I shake my head. There’s no way a man like Leroi won’t recognize the name. Even if Dad didn’t talk about him all the time, his name was everywhere around town. The man I injected with poison owned a hotel, a casino, and a shipping company.

“Seraphine, I won’t be able to protect you unless I know who might want you dead.”

“His name was Enzo,” I rasp. “Enzo Montesano.”

Leroi stops breathing.

My stomach plummets. This is it. This is the moment Leroi decides I’m too much of a burden. He’ll cast me out without even offering me the apartment next door.

“Did you know him?”

“He was my uncle.”

The words hit like an icy fist, and I lurch forward, trying to spring out of Leroi’s lap.
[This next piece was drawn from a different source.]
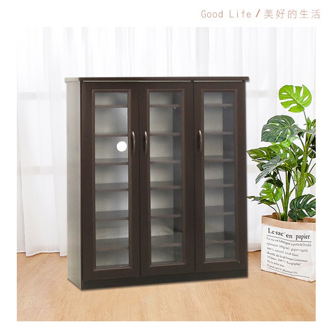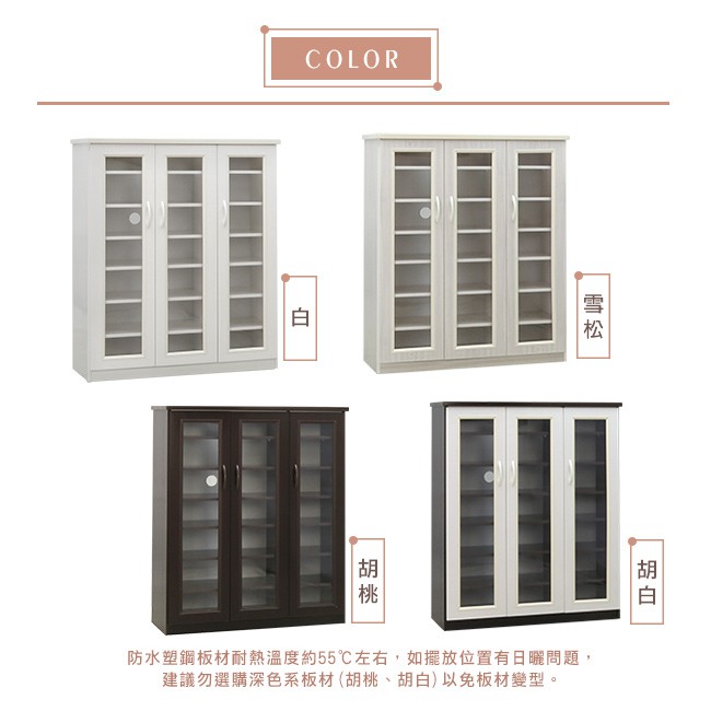 Boden-防潮防蛀 防水塑鋼3.2尺三門透視鞋櫃(四色可選)
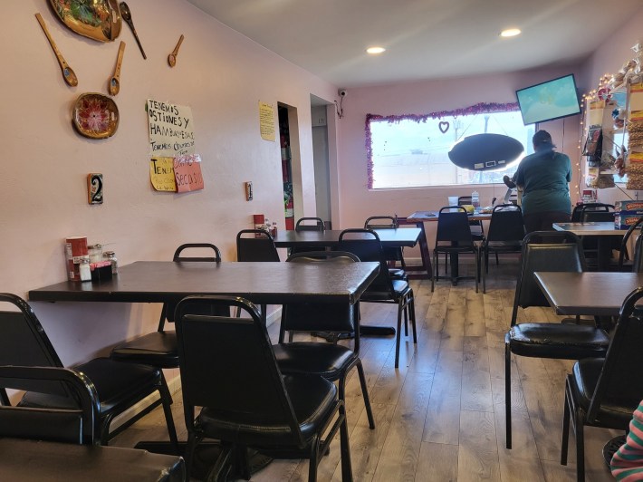Inside it is relatively small, offering just seven tables in the petite dining room. For some that might feel cramped and tight, but if you’re Latino, it makes the whole thing real homey, like your abuela’s kitchen on a Sunday night.

His arms tighten around my waist, holding me in place. I wriggle, my heart beating in triple time to Leroi’s gentle thrum, but he’s too strong.
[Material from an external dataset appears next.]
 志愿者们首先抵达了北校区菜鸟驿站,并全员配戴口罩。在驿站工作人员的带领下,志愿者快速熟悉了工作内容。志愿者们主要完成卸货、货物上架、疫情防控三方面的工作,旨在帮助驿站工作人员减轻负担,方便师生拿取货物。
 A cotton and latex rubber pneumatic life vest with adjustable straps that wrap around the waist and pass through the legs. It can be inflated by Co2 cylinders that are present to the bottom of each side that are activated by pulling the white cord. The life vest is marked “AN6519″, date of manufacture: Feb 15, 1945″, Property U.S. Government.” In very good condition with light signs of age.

Shit. I knew talking about the assignments would be trouble, but I never thought Leroi would be connected to anyone I killed. At any moment, he could wrap a hand around my throat and crush my windpipe, but his hold remains on my waist, gathering me back into his lap.

“You must hate me,” I whisper.

“I don’t,” he murmurs, his breath feathering my ear. “It’s not your fault. Capello and his sons risked your life by sending you to him as an assassin.”

“But he was your uncle.”

“Who would never have gotten into that position if he didn’t mess with an underage girl,” he growls. “Were you hurt?”

I gulp, and it feels like swallowing lead. “N-not really.”

“What does that mean?”

“He died. Killing him means that nothing he did to me counted.”

I’m still trembling when his grip loosens. Leroi is right about his uncle and all the others I killed. They deserved to die because they were predators. I should apologize for his loss, but I’m not sorry.

“Are you still going to help me?” I ask, my words halting.

“Yes.”

“Why, when I killed your uncle?”

Leroi sighs. “I can overlook a whole lot of shit. Rape isn’t one of them. Messing with underage girls is unforgivable. You cleansed the world of one more monster.”

“But the handler said that Enzo Montesano’s men would be looking for me.” I trail off, letting him fill in the gaps.

“Everyone thought he died of a heart attack. There was no mention of a girl.”

“I injected him with poison and smothered him with a pillow.”

Leroi pauses. “Are you sure he didn’t hurt you?”

“Not any more than the others.”

“There were others.”

My breath shallows, and shame settles in my stomach like a stone. After that night, I was trapped. The twins told me I was the most wanted person in New Alderney and I had to keep killing if I wanted their protection.

“Every few months, they’d send me to kill some man. I had to memorize his face and the pictures of his associates. They didn’t even free Gabriel because now I owed them for protecting me from Enzo Montesano’s sons.”

“Shit,” he hisses.

“I’m glad they’re dead, but I wish I was the one who had killed them.”

“Yeah.” He tightens his arms around me. “So do I. That’s why I plan on helping you take down every guard who worked with Capello to destroy your family.”

My eyelids flutter shut, and I melt against his broad chest. For the first time since I arrived in Leroi’s apartment, I feel a sense of peace and hope. Peace, knowing that Leroi will help me slay my demons. Hope at the thought he might help me to be normal, like him.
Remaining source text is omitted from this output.